Excerpt: Kerry Close
Spring Lake, New Jersey
The first thing you notice when talking with Kerry Close is her intensity of presence. Hidden within her reserve, her native shyness, is a keen awareness, a sharp, sensitive intelligence. She’s twelve years old, but she seems far older. There’s little that’s childish about her. She’s watching what’s going on around her, her antennas are attuned, and she’s taking it all in. She seems to miss nothing.

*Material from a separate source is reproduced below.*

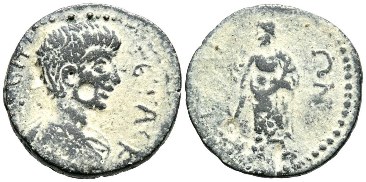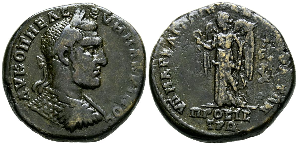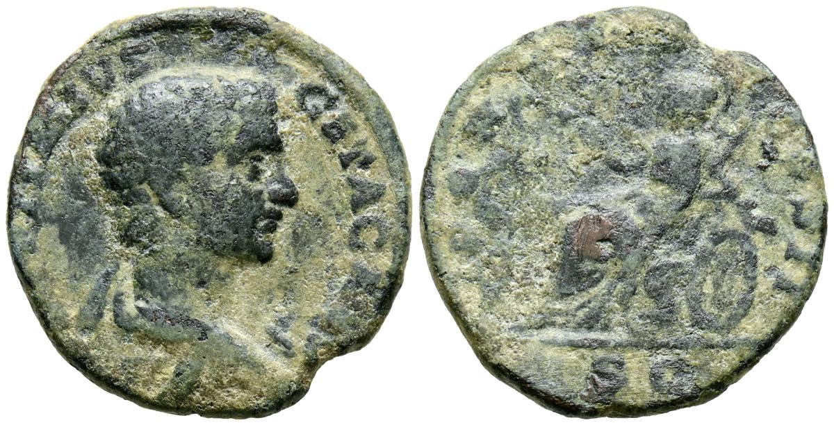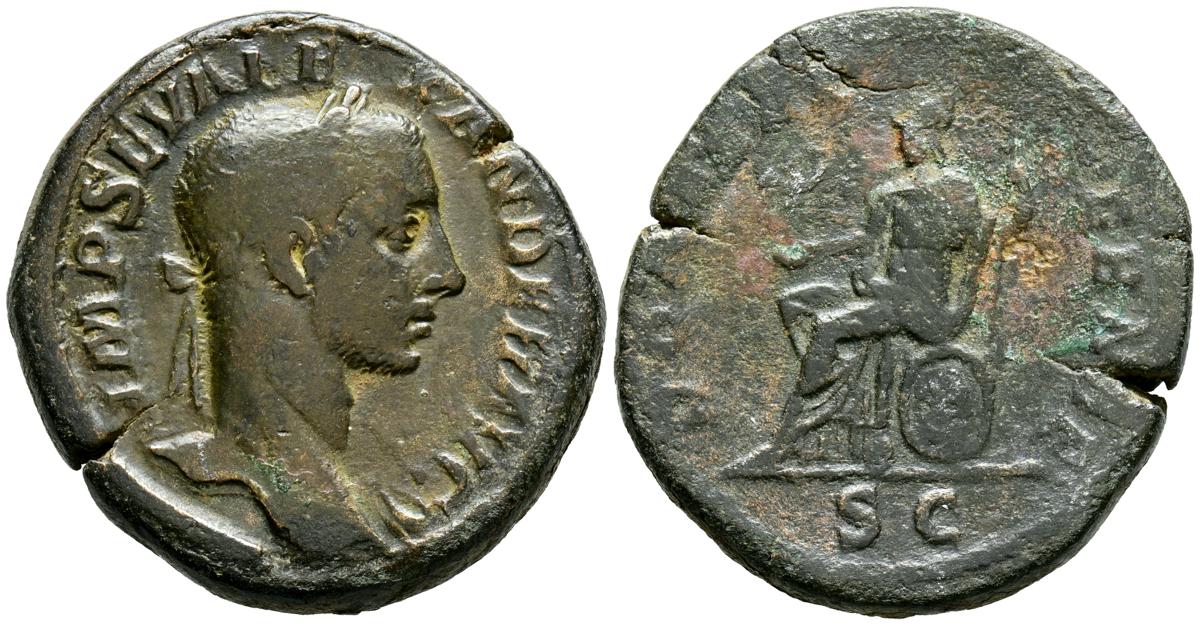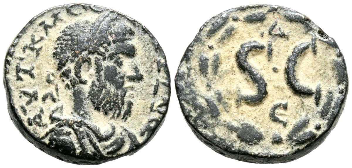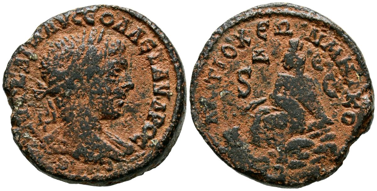 ALEJANDRO SEVERO. Octassarion. (Ae. 9,70g/25mm). 222-235 d.C. Asaria, Antioquía. (RPC 8086; McAlee 828). Anv: Cabeza laureada de Alejandro severo a derecha, alrededor leyenda: ΑΥΤΟ ΚΑΙϹ ΜΑΡ ΑΥΡ ϹЄ ΑΛЄΞΑΝΔΡ ϹЄΒ. Rev: Tyche sedente a la izquierda en la s rocas, sosteniendo la espiga de grano, a los pies, dios del río nadando a la izquierda, en campo: Δ-Є y S-C, alrededor leyenda: ΑΝΤΙΟXЄΩΝ ΜΗ Κ. MBC-.

On the other hand, this sensitive awareness is accompanied by a fierce competitive spirit. As little as she’ll talk about herself—and talking about herself is one of her least favorite activities—she’ll address this subject. When I asked what she likes about spelling, she answered, “I like the competition, I’m kind of a—” She stopped herself, then finished, “I like the competition.” In the middle of that sentence, she almost said, “I’m kind of a competitive person,” but that would have been too much self-disclosure. But it is certainly true. As her mother says, “Is she competitive? Very.”
Her competitiveness emerges on the soccer field and the basketball court; she’s on her school team in both sports. Although tall for her age, last year she failed to make the basketball team, which deeply disappointed her. Now in the seventh grade, she has not just made the team but become a hard-charging player. Not that she’s particularly adept at the sport, as she freely admits. “I’m not really good at ball handing,” she says, with a little laugh. However, “I score a lot of points, and whenever I’m open I usually take a shot.” That’s not a brag—Kerry doesn’t brag—just a simple statement of fact. She’s been known to score more than ten points in a game.
Her competitiveness also comes out every summer when she enters sailing contests. Living right on the Atlantic coast, in Spring Lake, New Jersey, makes boating a natural choice. She started learning how to sail at age eight, when a nearby harbor offered lessons for $50 for the entire summer. She walked down to the harbor five days a week, and despite having parents who are devoted landlubbers, she became a skilled sailor. Her long blonde hair blowing in the wind, she mans an Optimist, a one-person sailboat about seven 7 long, designed for sailors weighing from 50 to 120 pounds.